* What the task asks
All of the lines below are to be transcribed faithfully, with pictures excluded from the copy.
___ Dataset entries ___
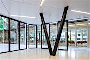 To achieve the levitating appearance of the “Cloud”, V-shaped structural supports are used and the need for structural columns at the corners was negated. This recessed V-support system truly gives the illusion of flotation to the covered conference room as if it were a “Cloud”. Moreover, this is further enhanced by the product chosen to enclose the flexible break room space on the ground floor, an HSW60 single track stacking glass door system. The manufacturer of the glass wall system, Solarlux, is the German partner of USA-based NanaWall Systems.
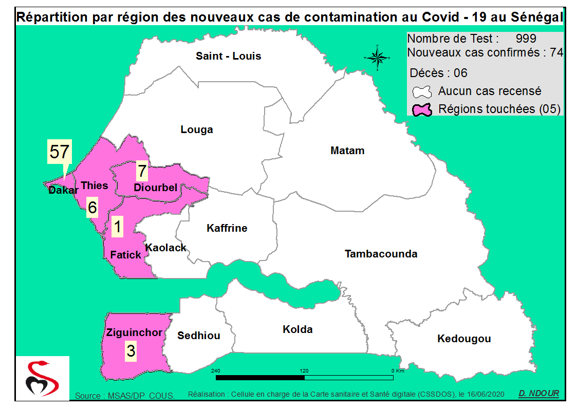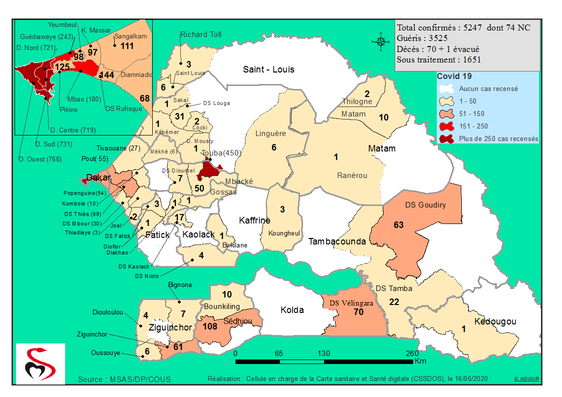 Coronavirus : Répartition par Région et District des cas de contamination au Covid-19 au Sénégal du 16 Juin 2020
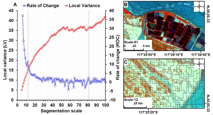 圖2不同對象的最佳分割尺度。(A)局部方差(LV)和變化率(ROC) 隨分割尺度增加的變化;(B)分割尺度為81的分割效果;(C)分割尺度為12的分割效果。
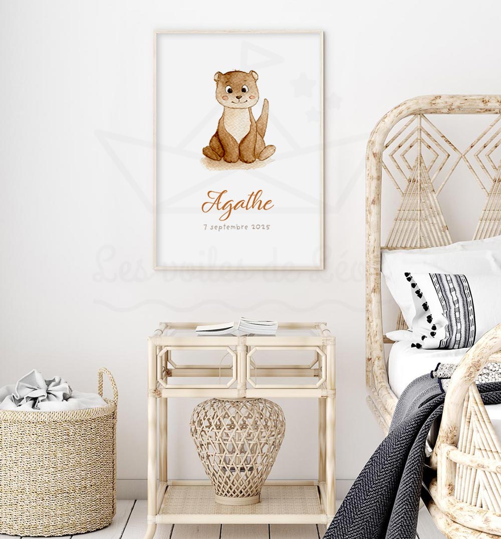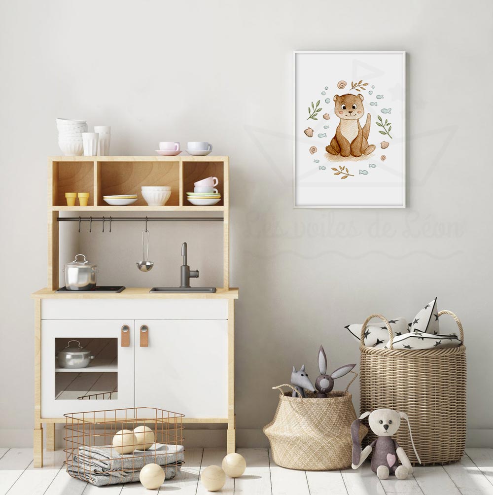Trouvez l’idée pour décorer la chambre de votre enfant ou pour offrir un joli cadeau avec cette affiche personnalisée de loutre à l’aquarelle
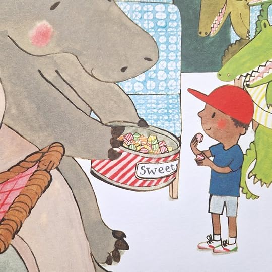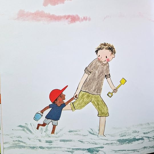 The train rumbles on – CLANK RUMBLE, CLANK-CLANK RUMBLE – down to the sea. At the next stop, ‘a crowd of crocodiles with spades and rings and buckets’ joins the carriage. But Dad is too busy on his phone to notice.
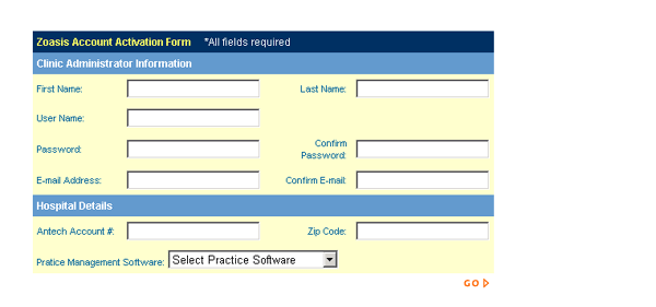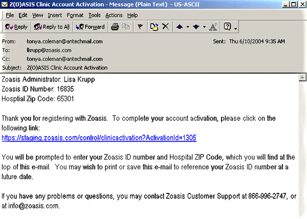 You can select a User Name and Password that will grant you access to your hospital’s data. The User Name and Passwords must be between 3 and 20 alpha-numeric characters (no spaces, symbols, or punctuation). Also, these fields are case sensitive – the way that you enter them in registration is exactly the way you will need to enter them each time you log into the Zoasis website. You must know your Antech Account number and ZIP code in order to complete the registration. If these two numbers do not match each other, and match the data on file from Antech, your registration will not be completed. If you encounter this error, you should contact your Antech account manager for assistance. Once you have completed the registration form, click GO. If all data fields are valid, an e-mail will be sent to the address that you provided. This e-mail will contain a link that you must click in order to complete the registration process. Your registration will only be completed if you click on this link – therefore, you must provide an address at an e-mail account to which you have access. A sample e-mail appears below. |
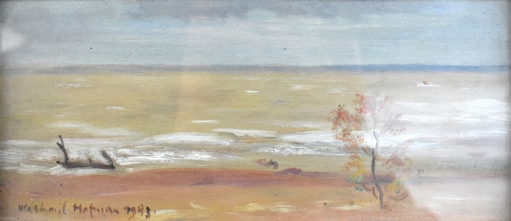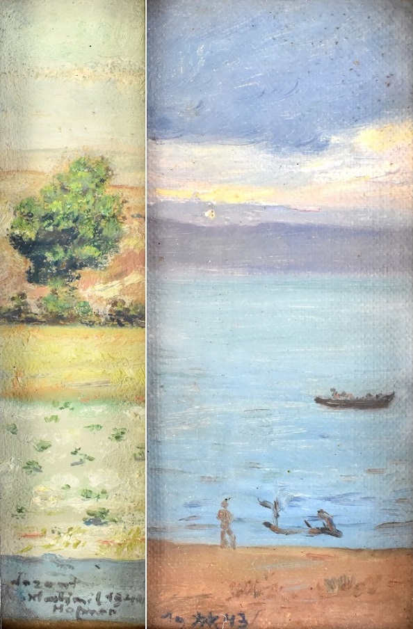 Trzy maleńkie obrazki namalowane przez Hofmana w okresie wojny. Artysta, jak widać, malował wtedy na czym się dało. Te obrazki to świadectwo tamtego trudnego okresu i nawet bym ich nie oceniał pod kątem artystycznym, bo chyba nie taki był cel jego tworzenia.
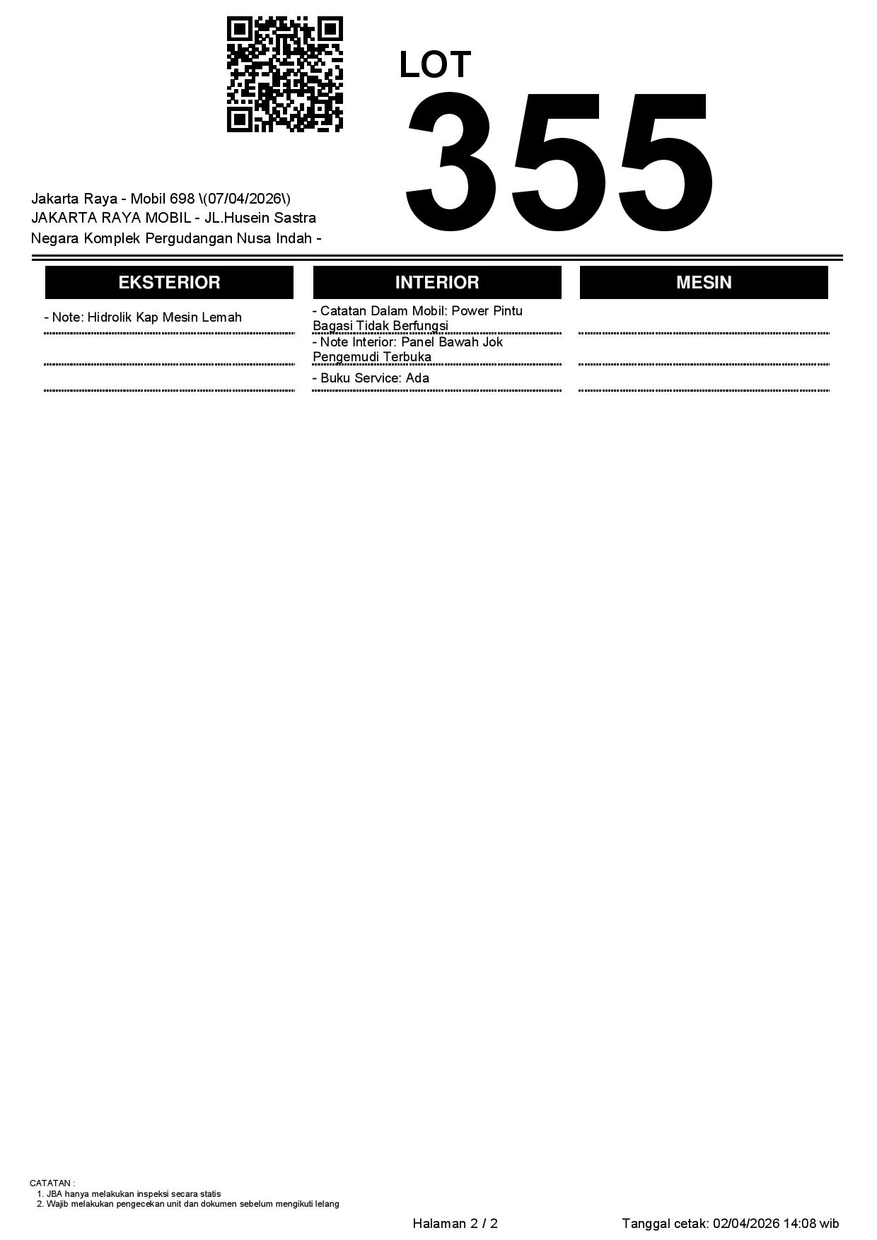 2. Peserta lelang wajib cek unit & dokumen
___
* Solution to the problem
 To achieve the levitating appearance of the “Cloud”, V-shaped structural supports are used and the need for structural columns at the corners was negated. This recessed V-support system truly gives the illusion of flotation to the covered conference room as if it were a “Cloud”. Moreover, this is further enhanced by the product chosen to enclose the flexible break room space on the ground floor, an HSW60 single track stacking glass door system. The manufacturer of the glass wall system, Solarlux, is the German partner of USA-based NanaWall Systems.
 Coronavirus : Répartition par Région et District des cas de contamination au Covid-19 au Sénégal du 16 Juin 2020
 圖2不同對象的最佳分割尺度。(A)局部方差(LV)和變化率(ROC) 隨分割尺度增加的變化;(B)分割尺度為81的分割效果;(C)分割尺度為12的分割效果。
Trouvez l’idée pour décorer la chambre de votre enfant ou pour offrir un joli cadeau avec cette affiche personnalisée de loutre à l’aquarelle
 The train rumbles on – CLANK RUMBLE, CLANK-CLANK RUMBLE – down to the sea. At the next stop, ‘a crowd of crocodiles with spades and rings and buckets’ joins the carriage. But Dad is too busy on his phone to notice.
 You can select a User Name and Password that will grant you access to your hospital’s data. The User Name and Passwords must be between 3 and 20 alpha-numeric characters (no spaces, symbols, or punctuation). Also, these fields are case sensitive – the way that you enter them in registration is exactly the way you will need to enter them each time you log into the Zoasis website. You must know your Antech Account number and ZIP code in order to complete the registration. If these two numbers do not match each other, and match the data on file from Antech, your registration will not be completed. If you encounter this error, you should contact your Antech account manager for assistance. Once you have completed the registration form, click GO. If all data fields are valid, an e-mail will be sent to the address that you provided. This e-mail will contain a link that you must click in order to complete the registration process. Your registration will only be completed if you click on this link – therefore, you must provide an address at an e-mail account to which you have access. A sample e-mail appears below. |
 Trzy maleńkie obrazki namalowane przez Hofmana w okresie wojny. Artysta, jak widać, malował wtedy na czym się dało. Te obrazki to świadectwo tamtego trudnego okresu i nawet bym ich nie oceniał pod kątem artystycznym, bo chyba nie taki był cel jego tworzenia.
 2. Peserta lelang wajib cek unit & dokumen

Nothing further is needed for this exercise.